Eric Davis: Issues threaten vital 2020 census

The Constitution requires that a census of population be conducted every 10 years to determine the apportionment of seats in the House of Representatives among the states. Census information is used by state legislatures and independent commissions to draw the lines of congressional and state legislative districts. Many federal grant programs use census information to determine the allocation of funds among states and localities. Census data is used by businesses and non-profit organizations in planning and assessing their activities.
Because census information is used so widely, having an accurate census is important. However, planning for the 2020 census is not going smoothly. As has been the case throughout the Trump Administration, many key leadership positions in the Census Bureau and the Commerce Department remain unfilled. Plans for pre-testing census questionnaires are behind schedule. Liaison with state and local governments is not as robust as it was in the run-up to the 2010 census.
Added to these difficulties is the nature of the 2020 census — the first online census in the nation’s history. Rather than relying on people filling out and returning mailed questionnaires, the 2020 census is being designed so that most people will complete a census questionnaire online. However, due to a combination of budget cuts and technical challenges, planning for the online census is taking longer than planned. The extensive technological infrastructure needed to support the census has not yet been fully developed and tested.
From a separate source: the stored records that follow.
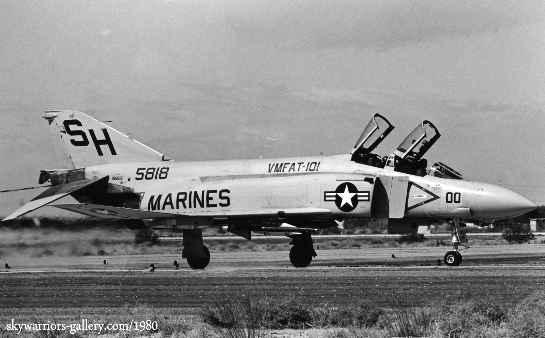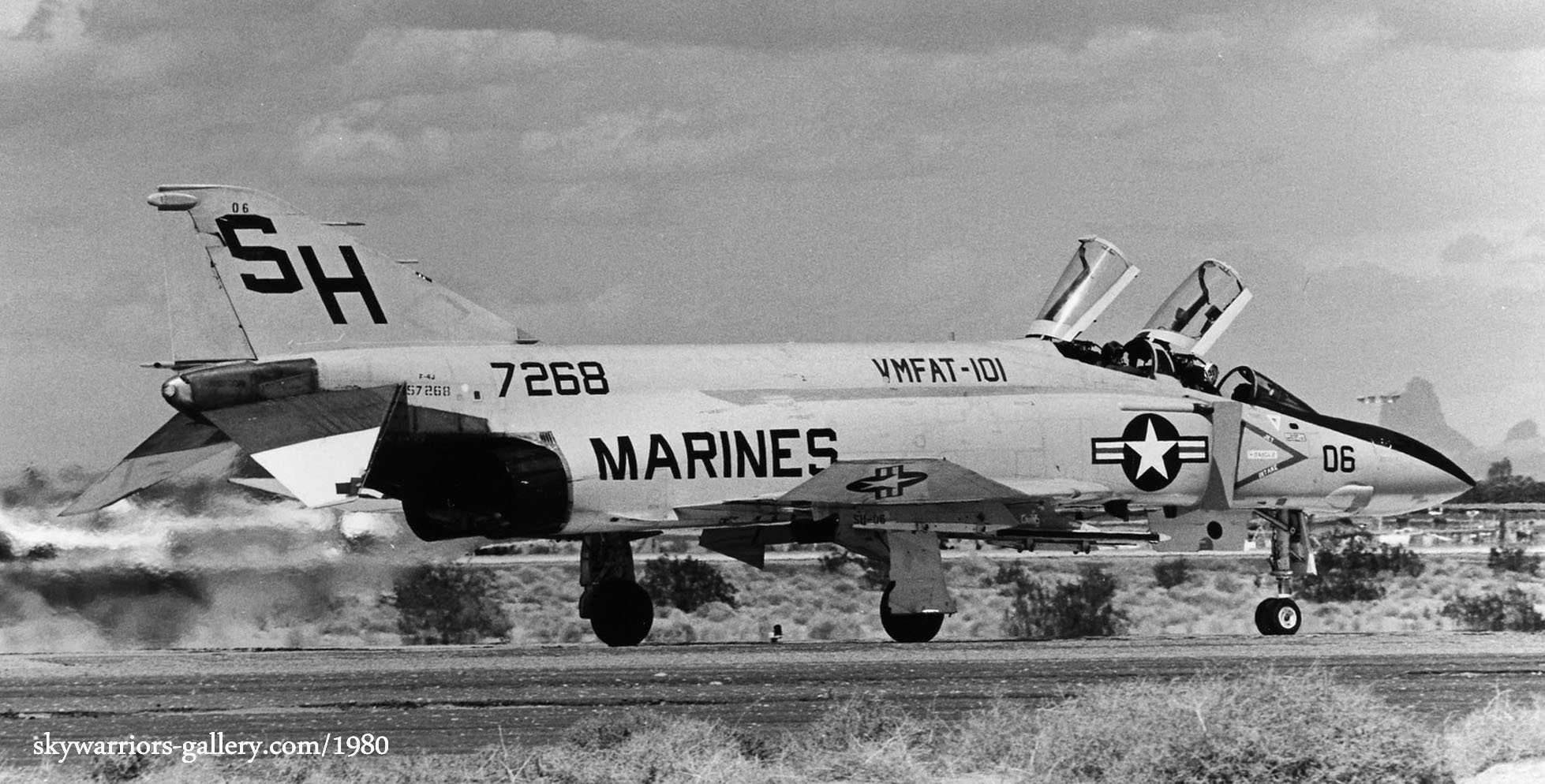 海兵隊のファントム部隊は当時殆ど東海岸のビューフォートにいたので、ユマでファントムが撮れるなどと考えてもいなかったが、この予備役部隊の合同訓練とVMFAT-101の訓練飛行で、毎日ファントムファントムファントムばかりが撮れる状態・・・A-4Mの部隊はこの訓練期間中何処かに移動しているようで姿も無かった。但しA-4Mの訓練部隊VMAT-102は居てくれたので撮る事ができたのである。前項でご覧いただいたようにVMFAT-101も数年前までは実に美しいマーキングであったのだが、海軍/海兵隊に迫りつつあったロービジの波を最初に受けた部隊のようで、機体に黒以外の色彩は見られなかったのが残念。
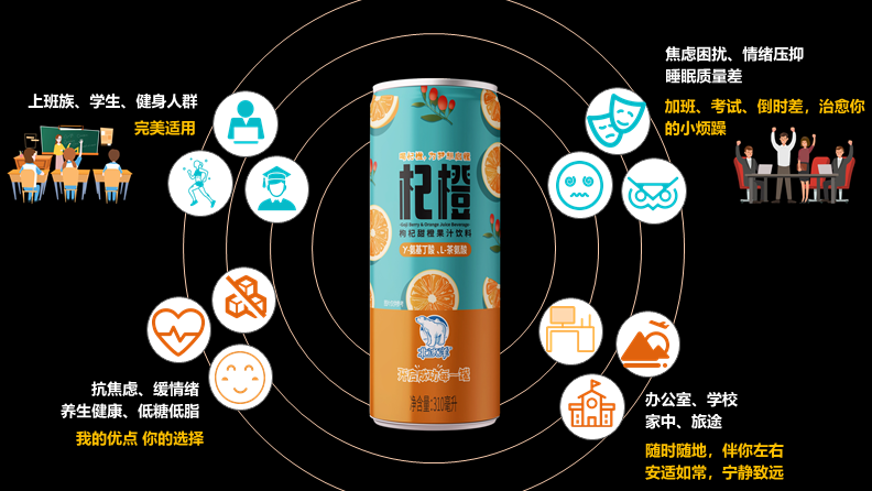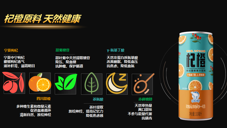 杞橙是一款具有枸杞甜橙風味的無糖抗焦慮飲料,選用寧夏“中寧枸杞”壓榨的鮮枸杞汁和“西鳳臍橙”濃縮橙汁,完整的保留了果汁中的主要活性成分枸杞多糖、β胡蘿卜素、甜菜堿等,果香馥郁。杞橙中添加了具有放松神經及抗焦慮作用的天然安神解壓成分γ-氨基丁酸(GABA)和提取自茶葉的可提高學習和記憶能力的功能性成分L-茶氨酸。杞橙不添加蔗糖,選用植物甜味劑赤蘚糖醇和甜菊糖苷,符合現代人對低卡路里、無糖、無脂肪的健康生活方式。杞橙的抗焦慮的功效和0糖低脂的配方優點,完美適用于上班族、學生、健身人群,在加班、考試、倒時差的時候,舒緩你的情緒,治愈你的小煩躁;在辦公室、學校、家中、旅途中無負擔暢飲,讓你安適如常,寧靜致遠。
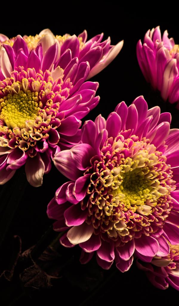 Wallpaper Beautiful pink chrysanthemums on a black background
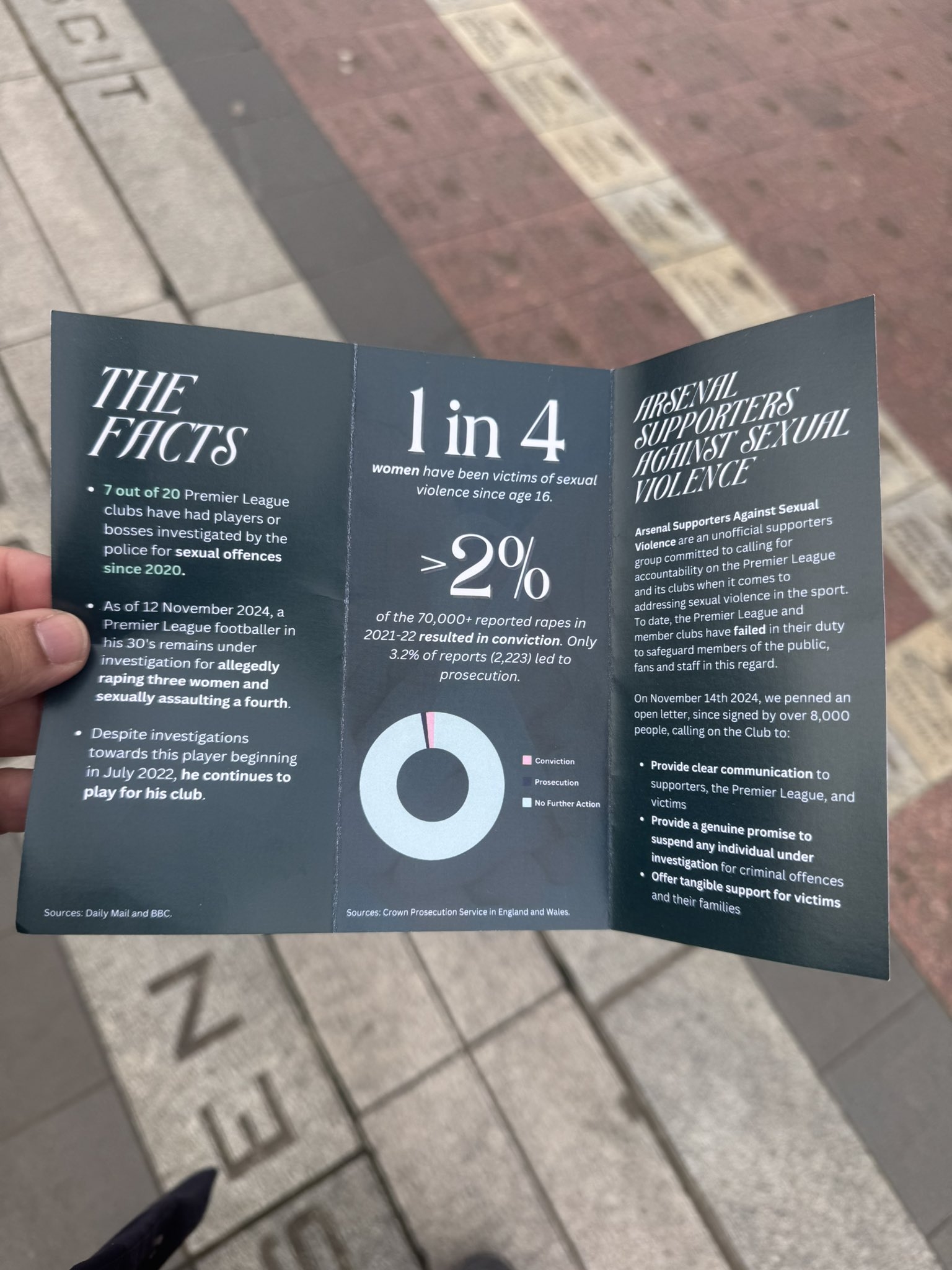 其中一頁寫道:“阿森納球迷反對(duì)性暴力組織是一個(gè)非官方的支持者團(tuán)體,致力于呼吁英超聯(lián)賽及其俱樂部在解決體育運(yùn)動(dòng)中的性暴力問題時(shí)承擔(dān)責(zé)任。迄今為止,英超聯(lián)賽及其成員俱樂部在這方面未能盡到保護(hù)公眾、球迷和工作人員的責(zé)任?!?/p>
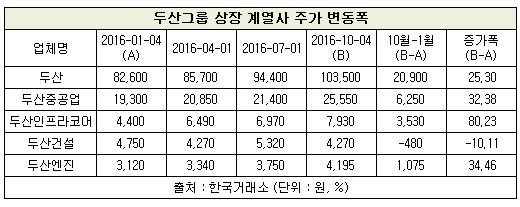 지주사인 두산(대표 박지원)은 실적이 크게 개선된 것이 주가에 영향을 미쳤다. 상반기 매출은 소폭 감소했지만 영업이익이 5천579억 원으로 전년 동기 대비 50.9% 증가했다. 두산중공업(대표 박지원), 두산인프라코어 등 자회사 실적이 개선된 것도 있지만 자체 사업이 호조를 띄었기 때문이다. 두산 주가는 10월 들어 주가가 10만 원을 돌파하는 등 올해 초에 비해 25% 이상 상승했다.

Many questions about cybersecurity relating to the 2020 census have yet to be answered satisfactorily.
There is also a major dispute over whether a question about citizenship will be included on the census questionnaire. Such a question has never been asked on a previous census. The Constitution provides that House seats are apportioned among the states “according to their respective numbers, counting the whole number of persons in each State.” Federal courts have consistently ruled that this language refers to a census of population, not to a census of citizens or a census of voting-age population. All persons living in the United States, regardless of age or citizenship status, are the basis on which House seats are apportioned and legislative districts are drawn.
Almost since its first day in office, the Trump Administration has wanted to add a question about citizenship to the census. All respondents would have to indicate whether or not they are United States citizens. The citizenship question, which is not required by the Constitution, can be seen as part of the Trump Administration’s anti-immigrant agenda, and as a form of voter suppression.
Including a citizenship question may well discourage participation by non-citizen U.S. residents in the census. This would reduce the number of legislative seats in areas with large immigrant populations. Since most such areas tend to elect Democrats to Congress and state legislatures, a census form that would discourage immigrants from participating would, at the margin, advantage Republican candidates.
New York State, and a number of other states and cities, have sued the Commerce Department to have the citizenship question removed from the 2020 census. They argue that, in addition to the question’s not being required for any constitutional purpose, Commerce Department officials did not follow the proper procedure of notice and public comment before circulating a draft questionnaire including the citizenship question. A lower federal court ruled in favor of the challengers to the citizenship question.
Last week, the Supreme Court agreed to hear the government’s appeal of this decision, with oral arguments scheduled in April and a decision likely in late June or early July. With the April 1, 2020, date for the next census just over a year away, there are many important issues involving the questionnaire and the technology that must be resolved soon if the next census is to be successful and accurate.
Eric L. Davis is professor emeritus of political science at Middlebury College.